A Guide to Creditor’s MeetingsApril 11th, 2017
When push comes to shove and the debts can’t be paid, putting a business into voluntary administration can be a sensible move. It’s important to not fear voluntary administration, as it’s a way to restructure the business and hopefully get back on track.
In this situation, an administrator takes control of a company, reviews the finances and hopefully bring the company back to life. If this isn’t possible, the administrator will try to ensure all creditors are better off than if the company was liquidated.
During the voluntary administration process, a total of two meetings will be held. These meetings ensure that all creditors are kept up-to-date regarding the financials of the company and the administration process, and are known as creditors’ meetings. They also provide an opportunity for creditors to give approval or guidance on matters that pertain to the process.
Along with notice of the creditors’ meeting, creditors must also be provided with a claim form and a proxy voting form.
The claim form is generally a ‘proof of debt’ form to prove that a creditor has a valid claim against the company. This notifies the administrator of your claim and ensures you are able to vote at meetings. Invoices or any other supporting documents should be attached to the claim form.
The proxy voting form is used if a creditor cannot attend the meeting, but still wants the opportunity to vote, giving another person or the administrator the ability to represent them at the meeting.
Who is classified as a creditor?
While the term ‘creditor’ is not defined in the Corporations Act 2001, it is generally taken to mean a person who has a debt or claim against a company. Claims can be present or future.
The first creditors’ meeting
The first creditors’ meeting must be held within eight business days of the company appointing the administrator. Additionally, notice must be given at least five business days prior to the meeting being held.
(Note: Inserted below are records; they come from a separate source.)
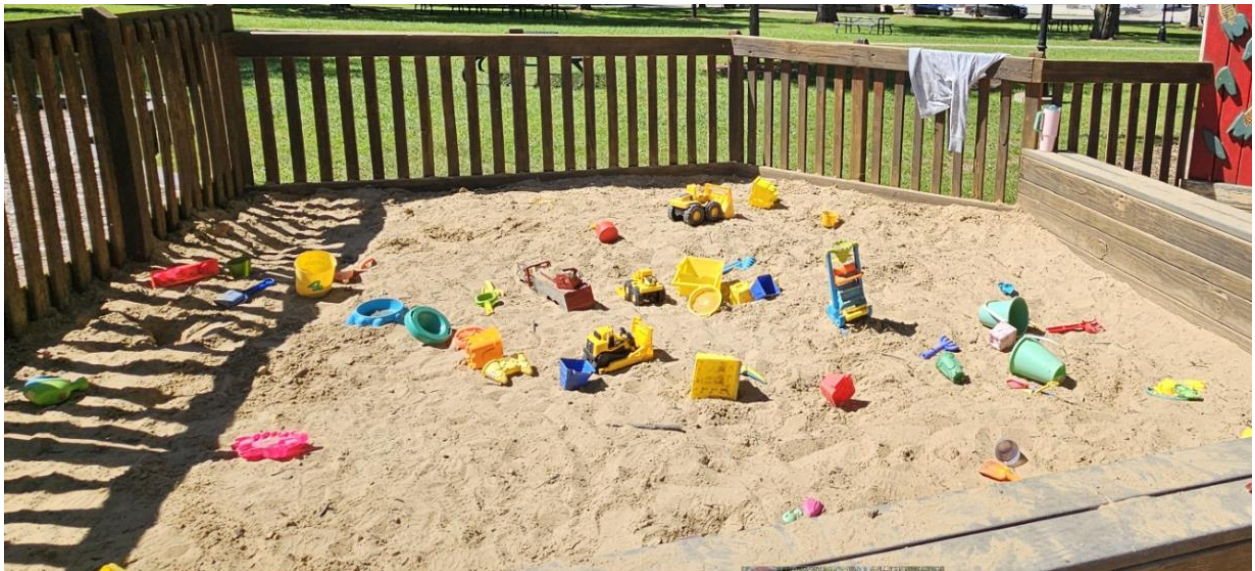
Rake and clean out the sandbox and more sand
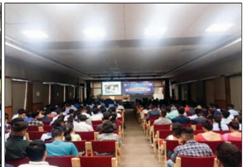
Subodhini- One Question- One Expert

Under the aegis of Subodh Shiksha Samiti, a two-day seminar “Subodhini- One Question- One Expert” was organized on July 21-22, 23 for capacity enhancement of the faculty members. All the participant faculty members presented the questions and answers through the powerpoint presentation in a well-defined pattern, mentioning the objective of the question, its probable answer, the references from which the answer has been derived and the way the questions can be further improvised.
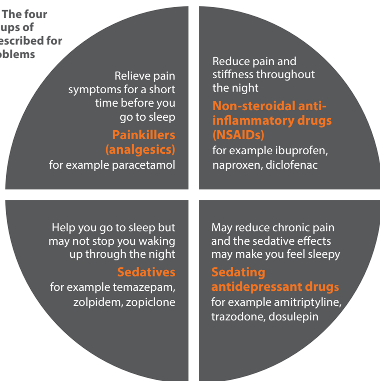
Figure 2 The four main groups of drugs prescribed for sleep problems

Sedating antidepressant drugs – Some antidepressant drugs, such as amitriptyline, dosulepin and trazodone, have sedative effects, which means they make you feel sleepy. They may also reduce chronic pain. These drugs aren't given as sleeping tablets but may improve sleep as an added benefit. It's often advisable to take them a few hours before going to bed so that the effect has worn off by the morning.
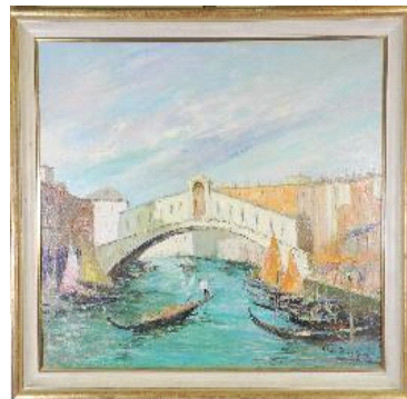
Lot # 743

743 Oil on canvas signed A.Buza, 27 in. x 31 in., "Rialto Bridge, Venice".

During this first meeting, two things must be decided by the creditors in attendance.
- Whether the current administrator will continue or whether a replacement needs to be found.
- Whether a committee of creditors will be formed and, if so, who will sit on it. The committee will assist the administrator and approve any fees.
- If a creditor wishes to replace the current administrator, a new registered liquidator needs to be approached prior to the meeting. Written consent must be given that he or she would be happy to take on the administrator role.
Usually, the first creditors’ meeting will follow a specific format.
- Creditors will be provided a copy of the estimated statement of affairs.
- A nominated director will read aloud a statement that outlines the company’s history and the causes of the failure.
- Creditors may ask questions.
- If a new administrator is to be appointed, a formal vote will be taken.
- If a committee of inspection is to be formed, up to five creditors and three shareholders can be nominated.
The second creditors’ meeting
The second creditors’ meeting is generally held approximately five weeks after the start of the administration process. It follows the investigation process and during the meeting, creditors are given the opportunity to decide the company’s future.
At least five business days prior to the meeting, the voluntary administrator must send creditors various documents so they are prepared for the meeting. These include:
- A notice of the meeting
- The report by the administrator
- If a Deed of Company Arrangement is going to be advised, a statement about this proposal
The administrator will assess which of the three possible options for the business is in the best interest of the creditors. These include:
- Control of the company goes back to the directors. In this case, the voluntary administration process would be deemed unnecessary and the company would be deemed viable.
- A Deed of Company Arrangement (DOCA) is designed, stating the intentions of the company moving forward, or;
- The company is wound up and put into liquidation.
The administrator will give an opinion on each possible option and then recommend which he or she believes is best. In each case, there are different outcomes. If control of the company goes back to the directors, this occurs immediately. As the company has continued to trade as normal during the process, not much would change. If the creditors decide that a DOCA is the necessary step, the company must sign the deed within 15 business days and the deed administration begins. If the company is put into liquidation, the administrator becomes the liquidator and the process begins immediately.